A correlação é uma medida que informa o quanto uma variável está relacionada a outra variável. Isto é, o quanto a variação em uma variável acompanha a variação em outra variável.

O número da correlação geralmente vai de -1 a 1.

Um exemplo de correlação ocorre entre as variáveis depressão e ansiedade. Não é incomum uma pessoa com sintomas de ansiedade estar também apresentando sintomas de depressão, e vice-versa.

Ou seja, essas duas variáveis estão correlacionadas. A variação em uma delas vai ser acompanhada pela variação na outra variável. Vamos continuar nesse exemplo indo por partes.

Os sintomas de depressão podem incluir tristeza, falta de ânimo e dificuldade de reter interesse. Já os sintomas de ansiedade estão relacionados a agitação, a uma pessoa sentir que está prestes a entrar em pânico e a uma pessoa sentir-se assustada sem motivo (veja o artigo de Patias, Machado, Bandeira, & Dell’Aglio).
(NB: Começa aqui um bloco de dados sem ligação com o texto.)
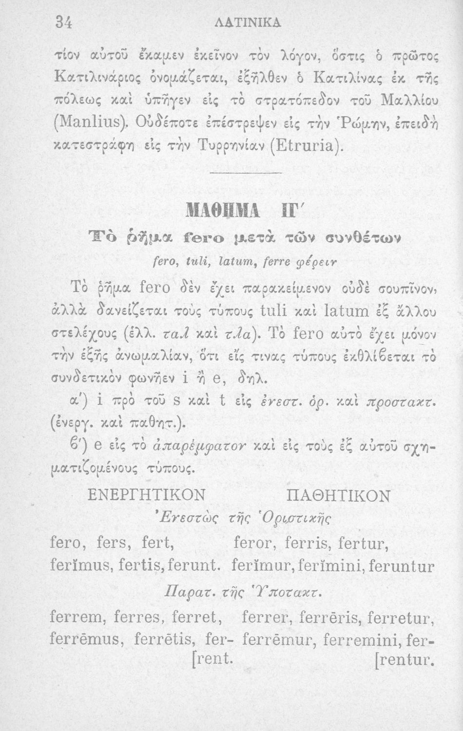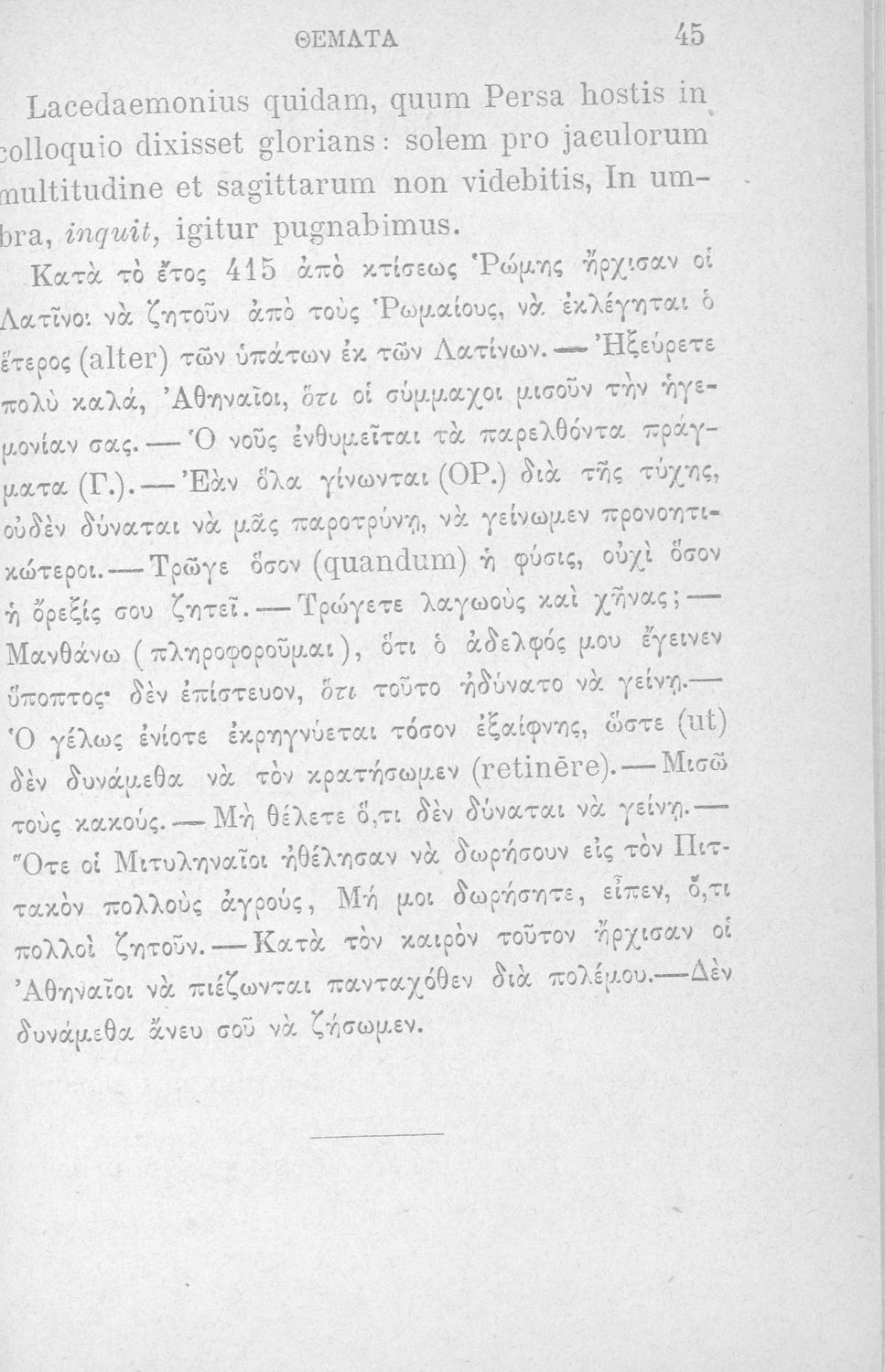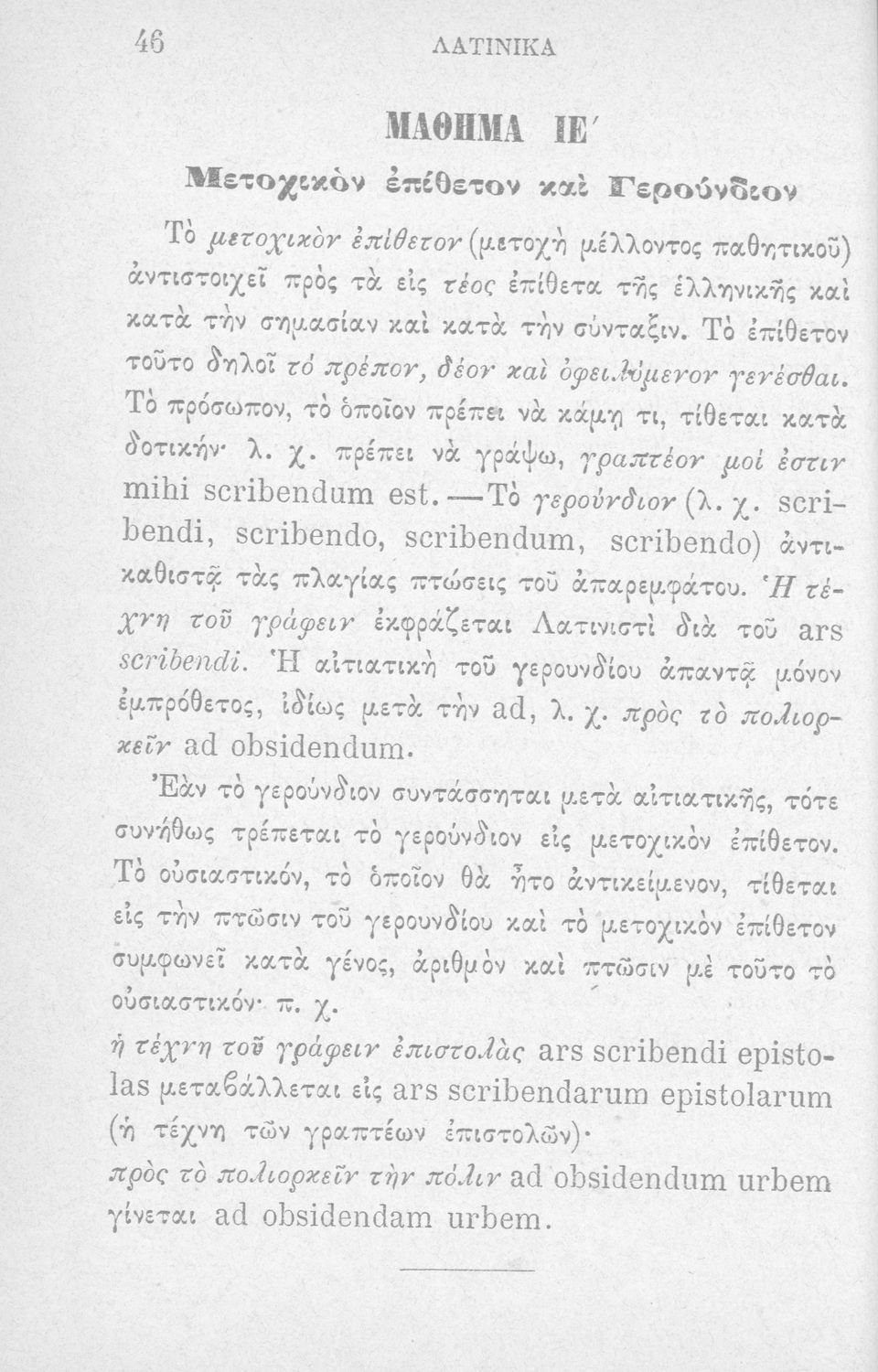 Σχολικό εγχειρίδιο Λατινικών που περιλαμβάνει γραμματική, συντακτικό, κείμενα και λεξιλόγιο.

Quando a depressão de uma pessoa aumenta, o seu nível de ansiedade tende a aumentar junto. Quando a depressão de uma pessoa diminui, seu nível de ansiedade tende a diminuir junto.

Da mesma forma, quando a ansiedade de uma pessoa aumenta, o seu nível de depressão tende a aumentar junto. Quando a ansiedade de uma pessoa diminui, seu nível de depressão tende a diminuir junto.

A variação da depressão acompanha a variação da ansiedade, assim como a variação da ansiedade acompanha a variação da depressão. Ou seja, essas variáveis andam juntas. Melhor ainda, a correlação entre elas é positiva (entre 0 e 1). Isso porque quando uma aumenta, a outra tende a aumentar; quando uma diminui, a outra tende a diminuir. Caso o aumento de uma seja acompanhado pela diminuição na outra, estaríamos na presença de uma correlação negativa.

De toda a forma, em termos estatísticos, pode-se dizer que depressão e ansiedade possuem variância compartilhada. Essa variância compartilhada entre as duas variáveis é chamada de covariância.

Aí vai uma figura mostrando uma correlação linear indo de 1 até -1.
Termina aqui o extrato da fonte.